Так спасаются люди слабые, пытающиеся выжить за счёт других, «на чужой крови». Такие люди выживают физически, но погибают нравственно. Шухов не такой. Он всегда рад запастись лишней пайкой, раздобыть табаку, но не как Фетюков, который «в рот засматривает, и глаза горят», и «слюнявит»: «Да-айте разок потянуть!». Шухов раздобудет табак так, чтобы не уронить себя: разглядел Шухов, что «однобригадник его Цезарь курил, и курил не трубку, а сигарету – значит, подстрельнуть можно». Занимая очередь за посылкой для Цезаря, Шухов не спрашивает: «Ну, получили? – потому что это был бы намёк, что он очередь занимал и теперь имеет право на долю. Он и так знал, что имеет. Но он не был шакал даже после восьми лет общих работ – и чем дальше, тем крепче утверждался».

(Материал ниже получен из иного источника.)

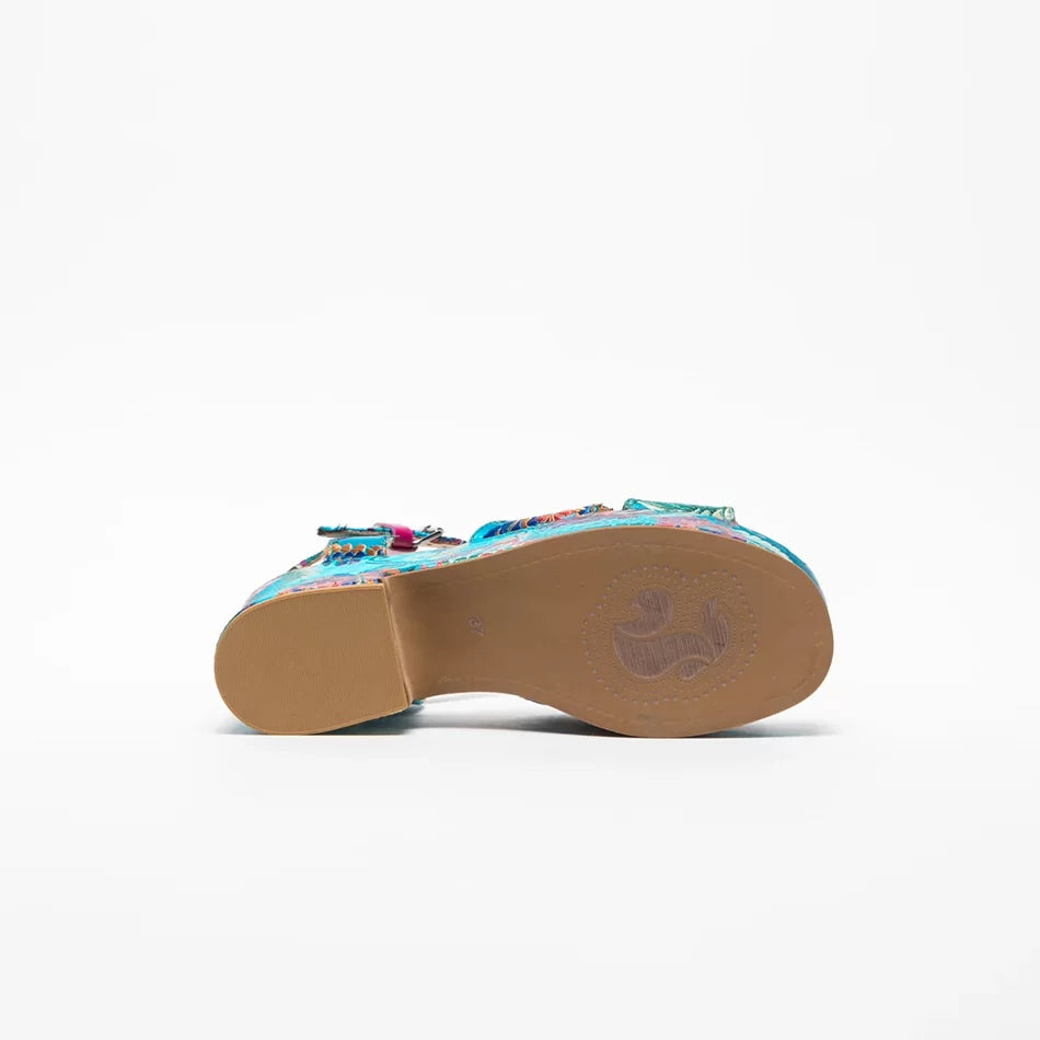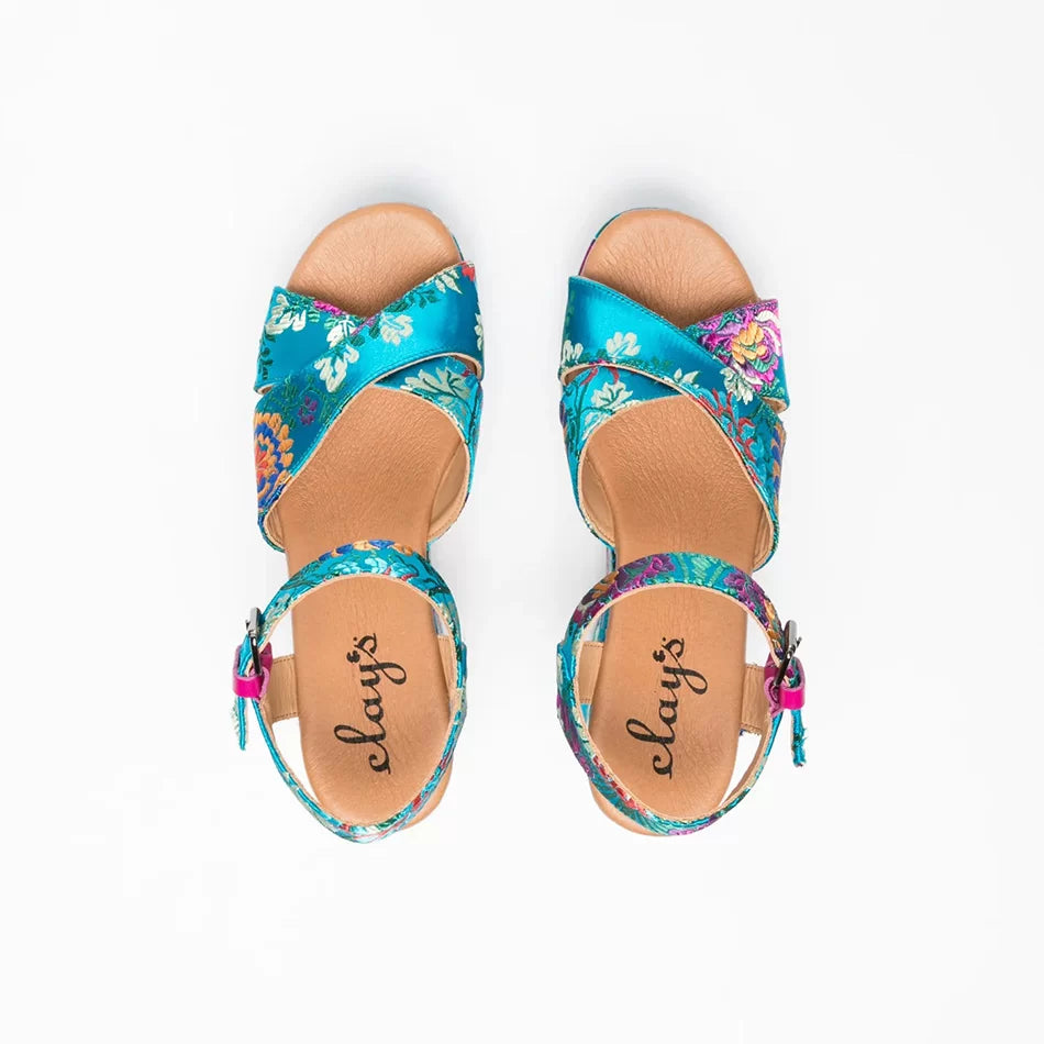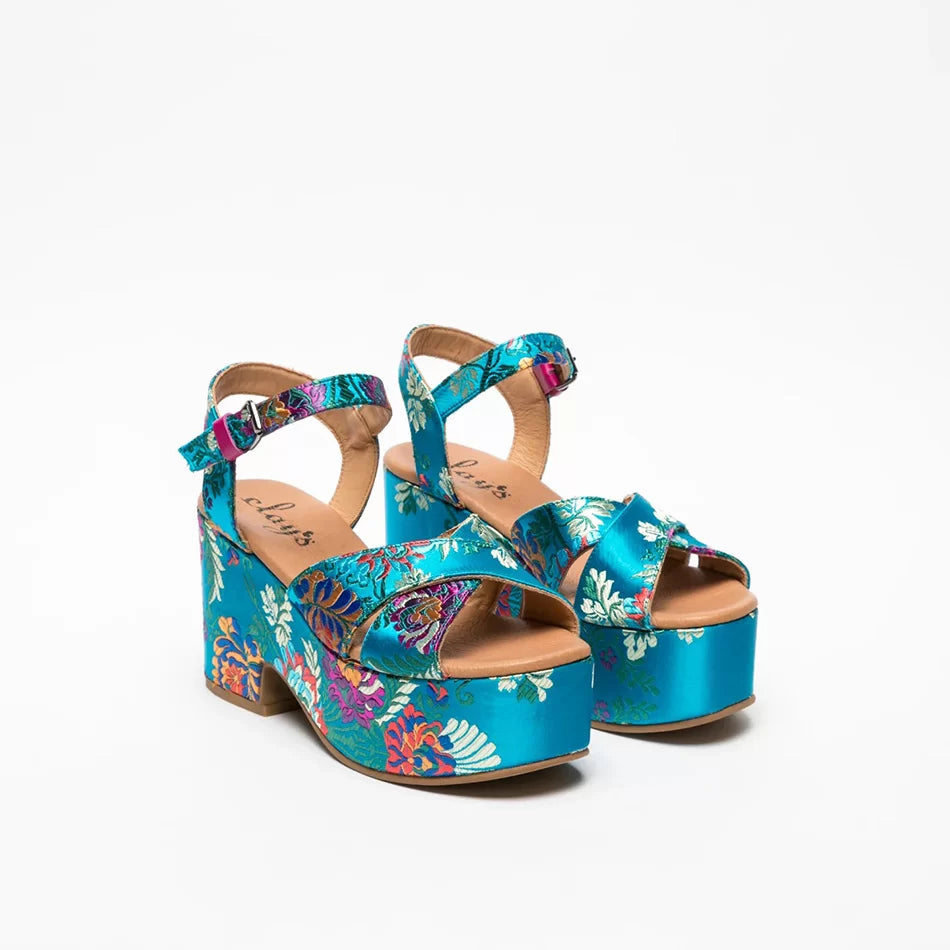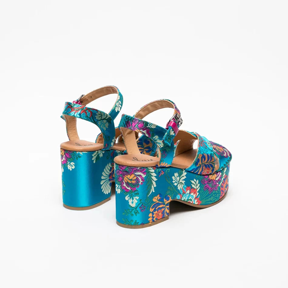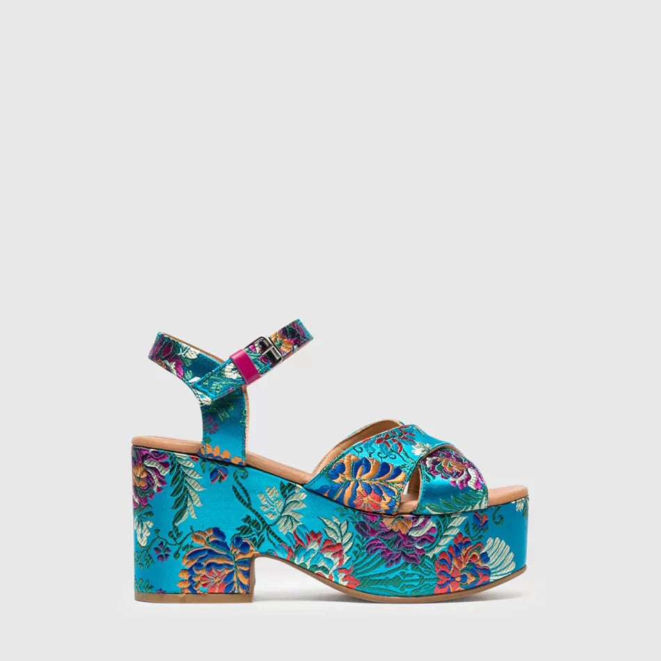 FLOWER ORIENTE platform sandals. Inspired by Oriental designs, these colorful sandals elevate your look while providing the perfect height and support.

Кроме Шухова, в повести немало эпизодических персонажей, которых автор вводит в повествование для создания более полной картины всеобщего ада. В одном ряду с Шуховым такие, как Сенька Клевшин, латыш Кильдигс, кавторанг Буйновский, помощник бригадира Павло и, конечно, сам бригадир Тюрин. Это те, кто, как писал Солженицын, «принимают удар». Они живут, не роняя себя и «слов никогда не роняя». Неслучайно, наверное, это по преимуществу люди.деревенские.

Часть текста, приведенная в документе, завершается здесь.